Setup Hugging Face Token

VoxScriber uses pyannote models which require a Hugging Face token.

Option 1: Interactive setup (recommended)

voxscriber-doctor

This will guide you through accepting the model terms and saving your token securely.

Option 2: Using huggingface-cli

# First, accept terms at https://huggingface.co/pyannote/speaker-diarization-3.1
huggingface-cli login

Your token will be saved to ~/.cache/huggingface/token and used automatically.

Option 3: Environment variable

export HF_TOKEN=your_token_here

Usage

# Basic
voxscriber meeting.m4a

# With known speaker count
voxscriber meeting.m4a --speakers 2

# All formats
voxscriber meeting.m4a --formats md,txt,json,srt,vtt

# Sentence-level subtitle segmentation for editing workflows
voxscriber meeting.m4a --formats srt,vtt --srt-mode sentence --srt-max-duration 15

# Print to console
voxscriber meeting.m4a --print

Python API

from voxscriber import DiarizationPipeline, PipelineConfig

config = PipelineConfig(
    num_speakers=2,
    language="en",
)
pipeline = DiarizationPipeline(config)
transcript = pipeline.process("meeting.m4a")

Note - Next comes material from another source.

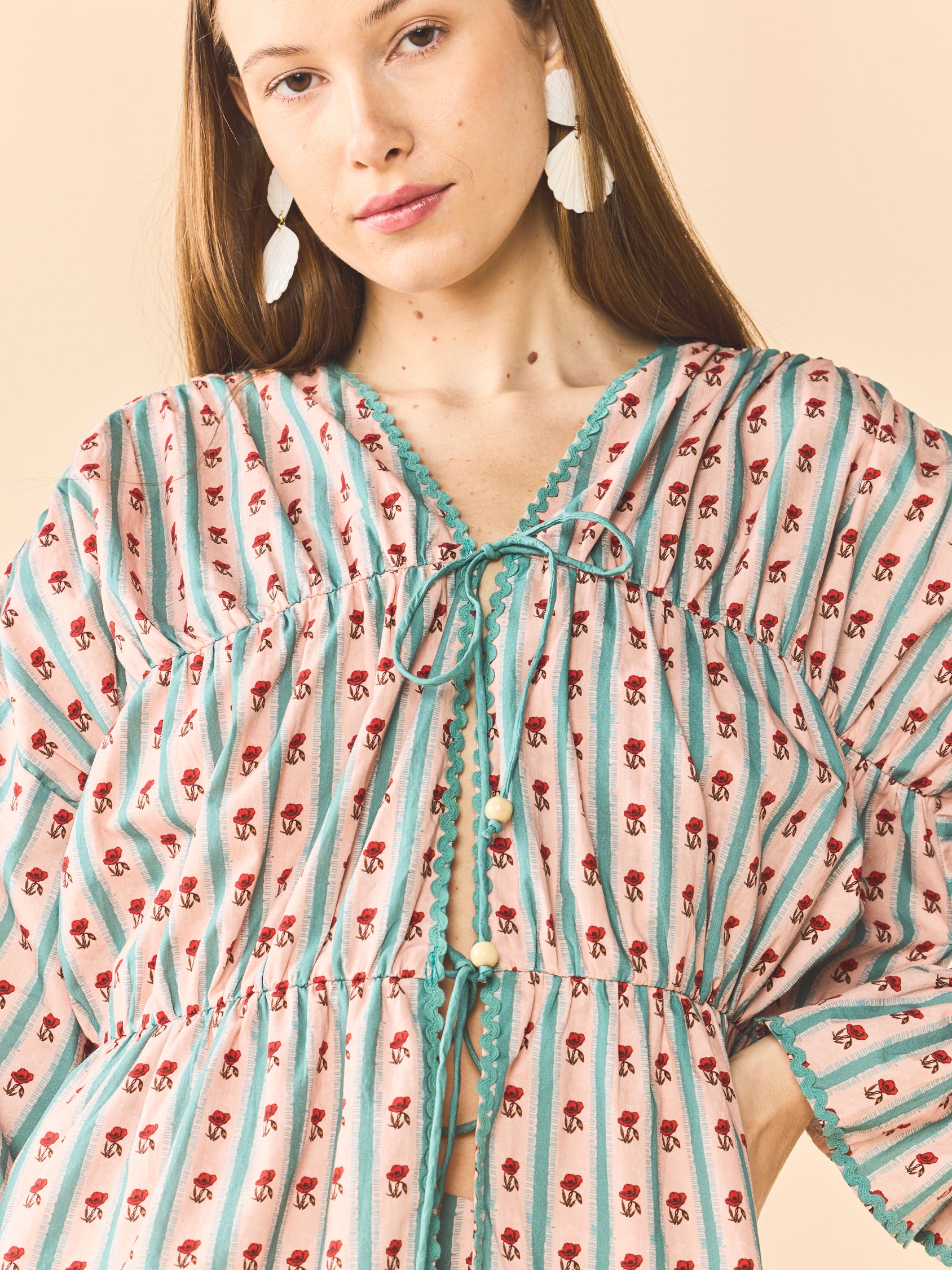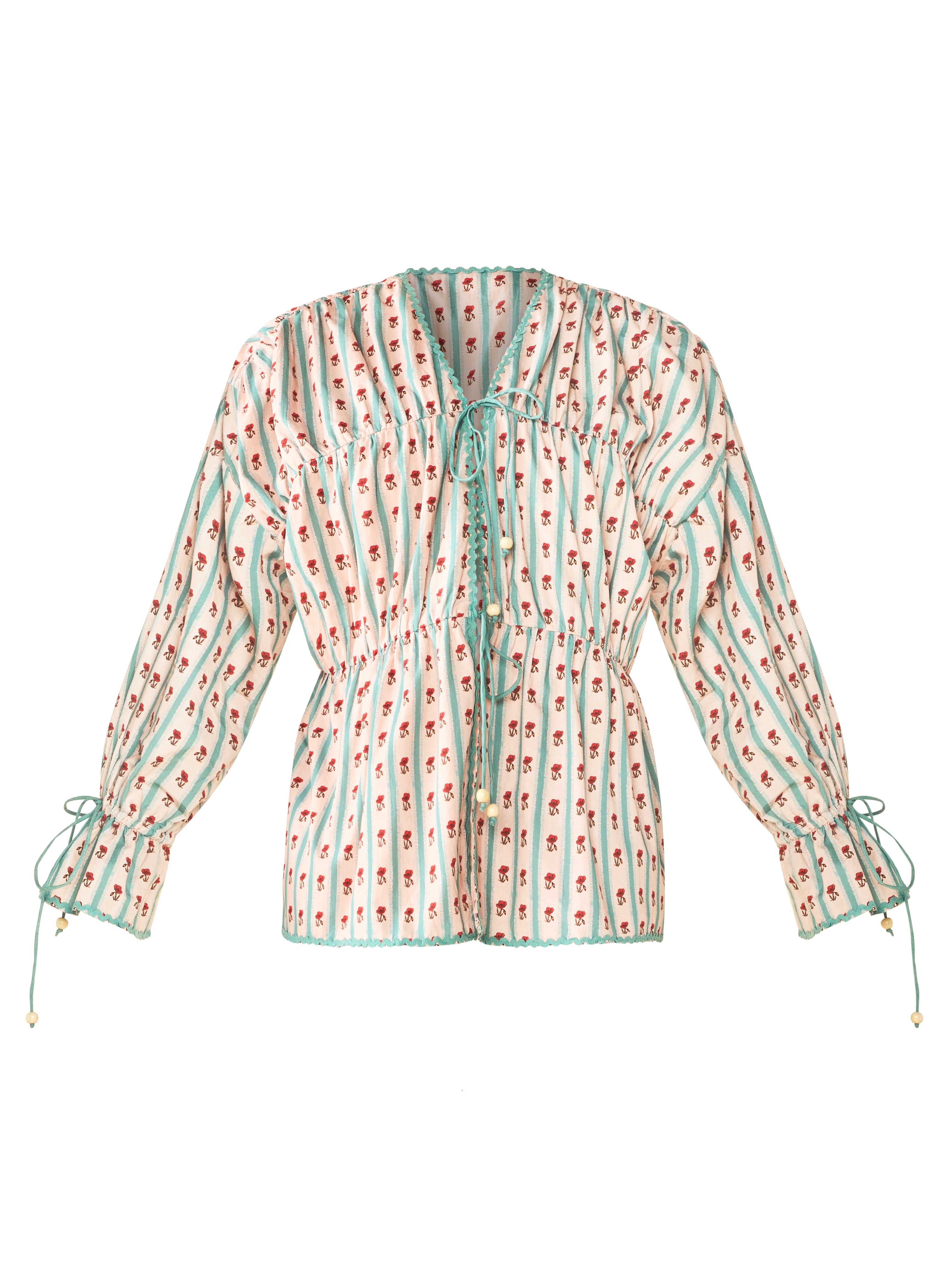 The Isle Top floats in airy cotton with a gathered silhouette that drapes just right. Scalloped ribbon trims the cuffs and hems, while a dainty floral print whispers romance all over. Light, easy, and endlessly wearable—she’s made for slow mornings, soft breezes, and everything in between.

for segment in transcript.segments:
    print(f"{segment.speaker}: {segment.text}")

Output Formats

Format Description
md Markdown with bold speaker names
txt Timestamped plain text
json Structured data with word-level timestamps
srt SubRip subtitles
vtt WebVTT subtitles

Options

voxscriber --help

  --speakers, -s    Number of speakers (if known)
  --language, -l    Force language (e.g., 'en', 'es')
  --model, -m       Whisper model (default: large-v3-turbo on GPU/MLX, small on CPU)
  --formats, -f     Output formats (default: md,txt)
  --output, -o      Output directory
  --device          auto (default), mps, cuda, or cpu
  --srt-mode        Subtitle segmentation mode for srt/vtt: speaker|sentence
  --srt-max-duration  Maximum subtitle duration in seconds for srt/vtt
  --quiet, -q       Suppress progress
  --print           Print transcript to console

Performance

~0.1-0.15x RTF on Apple Silicon (MLX). ~0.15-0.25x RTF on NVIDIA GPUs (faster-whisper). A 20-minute recording processes in ~2-4 minutes depending on hardware.

Troubleshooting

Run the diagnostic tool to check your setup:

voxscriber-doctor

This will check FFmpeg availability and HF_TOKEN, and offer to fix common issues automatically.

Other Issues

Issue Solution
requires Python >= 3.10 Use Python 3.10+: python3.10 -m venv .venv
Installed wrong package It's voxscriber (with 'r'), not voxscribe
HF_TOKEN required Run voxscriber-doctor to set up authentication

Support

If you find VoxScriber useful, consider supporting its development:

Buy Me A Coffee GitHub Sponsors

License

MIT

Project details


Download files

Download the file for your platform. If you're not sure which to choose, learn more about installing packages.

Source Distribution

voxscriber-0.2.6.tar.gz (869.2 kB view details)

Uploaded Source

Built Distribution

If you're not sure about the file name format, learn more about wheel file names.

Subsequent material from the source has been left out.